Se vogliamo credere ad un toponimo nato dalla presenza di un albero, dobbiamo parlare di una pianta importante. Forse un pilastrino arboreo come nel caso della Rovere. O la segnalazione di un confine. Un limite: …la nostra proprietà arriva fino alla pianta. Il Polloni sul volume Toponomastica Romagnola spiega la progressione latina da planta, pianta del piede, quindi plantare e pianta, albero piantato. Ettore Casadei sulla sua guida Forlì e Dintorni (1928), la identifica in un’antichissima quercia abbattuta nel 1880. Antichissima, forse troppo, se in documenti del 1371 era già tale da meritarsi l’assegnazione di un toponimo.

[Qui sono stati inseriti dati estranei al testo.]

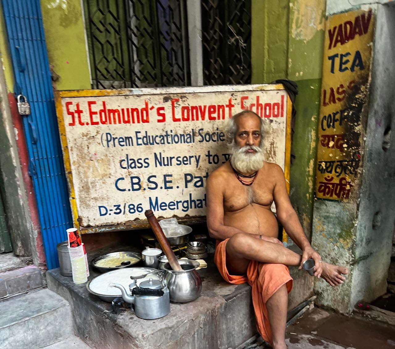 Überall um uns herum laufen Menschen. Gerüche strömen auf uns herab, laute, drängende Huper schrecken uns aus unserer Tagträumerei und ein Motorrad rauscht durch die enge Gasse. Vorbei am Markt, am Lassi-Stand mit frischem Joghurt aus Einmal-Keramikbechern, unter lichtdurchfluteten Planen hindurch und immer wieder nach links und rechts zuckend, einem Tempel, einer Kuh, einem Hund oder einem Trauerzug ausweichend. Nach wenigen Sekunden ist der Fahrer auch schon wieder aus dem Sichtfeld, unsere Köpfe wieder damit beschäftigt die Masse an Eindrücken und Bildern zu verarbeiten. Ja, das ist Indien. Ja, wir sind in Indien. Ja, so stellt man sich Indien vor. Laut, intensiv, lecker, voll voller Ideen, Farben, Erfahrungen und Geräuschen.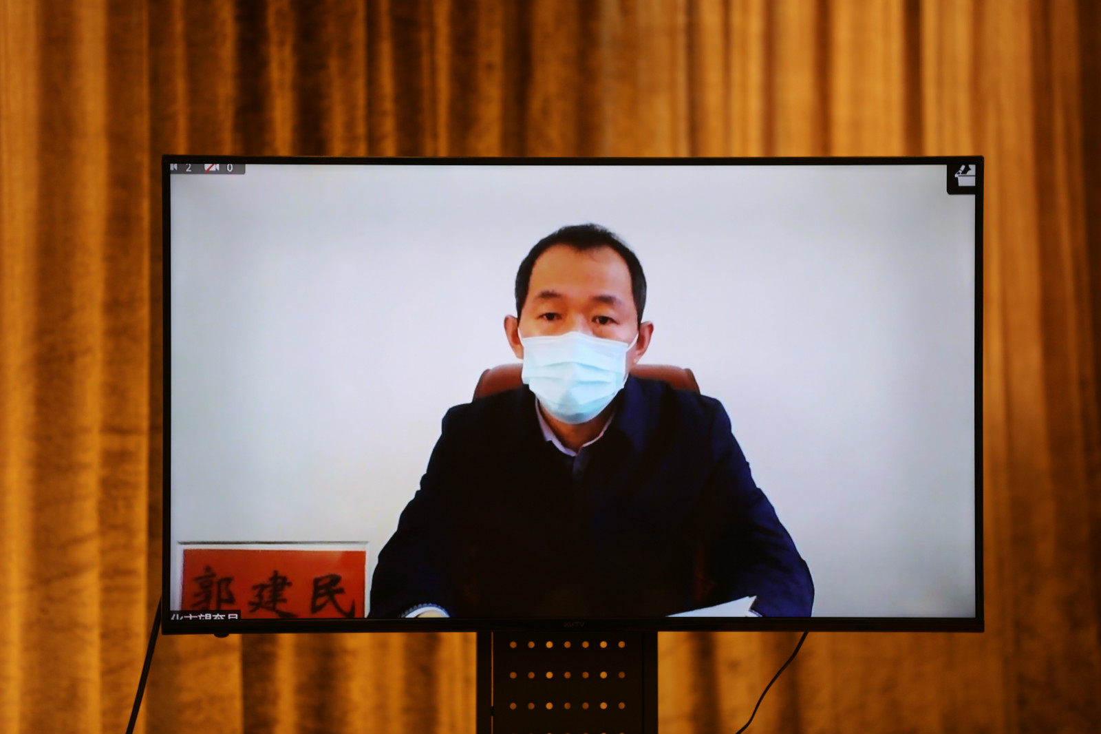 綏化市衛生健康委員會主任郭建民通過視頻連線介紹相關情況 石啟立/攝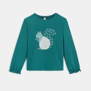 OKD Floral Squirrel Full Sleeves Teal T-Shirt 10871
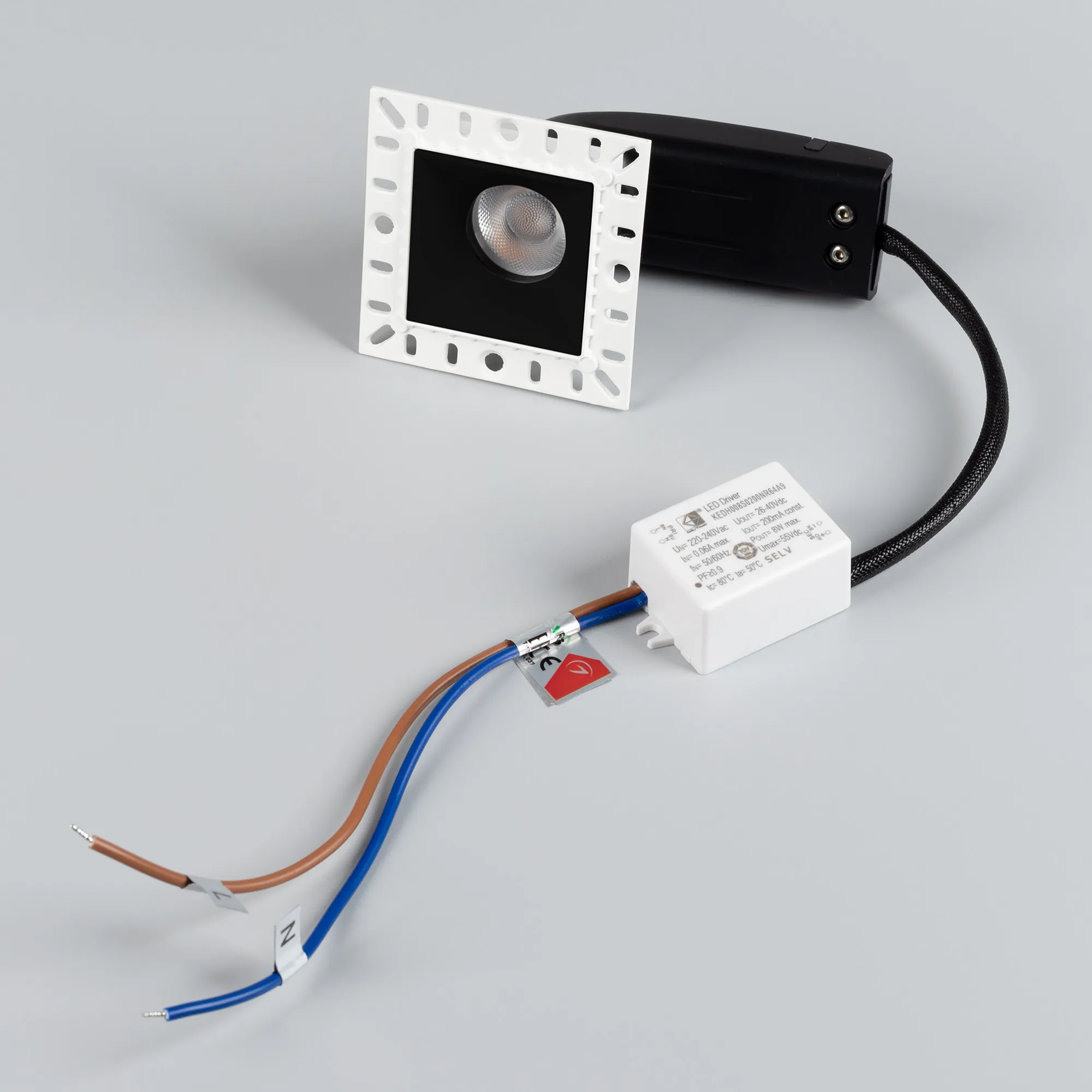 Встраиваемый безрамочный светильник под шпаклевку. Мощность 9 Вт, св. поток 700 лм, 78 лм/Вт, дневной 4000 K, CRI>90, угол 36°, напряжение питания 230 В. Чёрный квадратный корпус, экран PMMA, степень защиты IP20. Размер: длина 65 мм, ширина 65 мм, высота 63 мм, размер отражателя 40x40 мм. Монтаж встраиваемый, установочное отверстие длина 45 мм, ширина 45 мм. Драйвер 26-40 В, 200 мА, пульсация <2%.

Nella prima metà del XVI secolo – racconta Adamo Pasini sul periodico La Madonna del Fuoco – la chiesa di Santa Maria in Trentola cominciò ad essere conosciuta come Santa Maria della Pianta. Ma il motivo per cui la chiesa ha iniziato a chiamarsi della Pianta, potrebbe essere più di una semplice localizzazione, addirittura la rievocazione di un miracolo. L’eccezionale evento è rappresentato in un intaglio in legno, una matrice di xilografia, che raffigura un uomo che cade dalla cima di un albero e che rimane illeso invocando con fede la Beata Vergine. Ed ecco Santa Maria della Pianta. Quell’incisione postuma esiste ancora: è conservata presso l’archivio della parrocchia.

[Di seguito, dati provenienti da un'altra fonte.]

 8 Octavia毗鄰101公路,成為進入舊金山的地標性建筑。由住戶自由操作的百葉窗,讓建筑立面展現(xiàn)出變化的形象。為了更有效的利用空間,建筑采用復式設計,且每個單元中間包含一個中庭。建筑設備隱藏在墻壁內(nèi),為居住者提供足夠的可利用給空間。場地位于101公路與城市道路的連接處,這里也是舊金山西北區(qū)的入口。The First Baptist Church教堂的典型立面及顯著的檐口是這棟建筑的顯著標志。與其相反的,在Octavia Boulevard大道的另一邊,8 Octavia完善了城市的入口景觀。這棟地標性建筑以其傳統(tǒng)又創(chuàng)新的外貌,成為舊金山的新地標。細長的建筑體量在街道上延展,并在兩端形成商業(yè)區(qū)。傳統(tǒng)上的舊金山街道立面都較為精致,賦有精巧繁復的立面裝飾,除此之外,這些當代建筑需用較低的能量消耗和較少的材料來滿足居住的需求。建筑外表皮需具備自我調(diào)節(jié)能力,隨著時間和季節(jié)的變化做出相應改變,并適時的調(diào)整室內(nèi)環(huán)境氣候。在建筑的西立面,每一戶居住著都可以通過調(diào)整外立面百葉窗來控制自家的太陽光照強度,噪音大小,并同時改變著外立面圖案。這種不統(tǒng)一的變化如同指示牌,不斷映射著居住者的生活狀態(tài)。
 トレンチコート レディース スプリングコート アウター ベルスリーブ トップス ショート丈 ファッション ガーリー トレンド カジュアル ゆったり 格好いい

Ci affidiamo con più tranquillità a Villa Plancole, come viene citata nelle Descriptio Romandiole del 1371. Il significato di planca è asse, tavola, tavolato. Plancole come piccole aree piane quindi. Pulite e pianeggianti. Destinate all’agricoltura.
Pensiamo anche a Plancole come la composizione di due parole. Uniamo planus, dal significato di piano, e colens, abitante: ed ecco che la nostra Pianta diventa una Piana abitata. Un’area disboscata con intorno la selva vergine, o un piano livellato al di sopra di una zona paludosa.
Ma il latino colis, cavolo, restituisce alla nostra piana l’immagine di fitotoponimo. Plan-colis, ovvero la piana dei cavoli.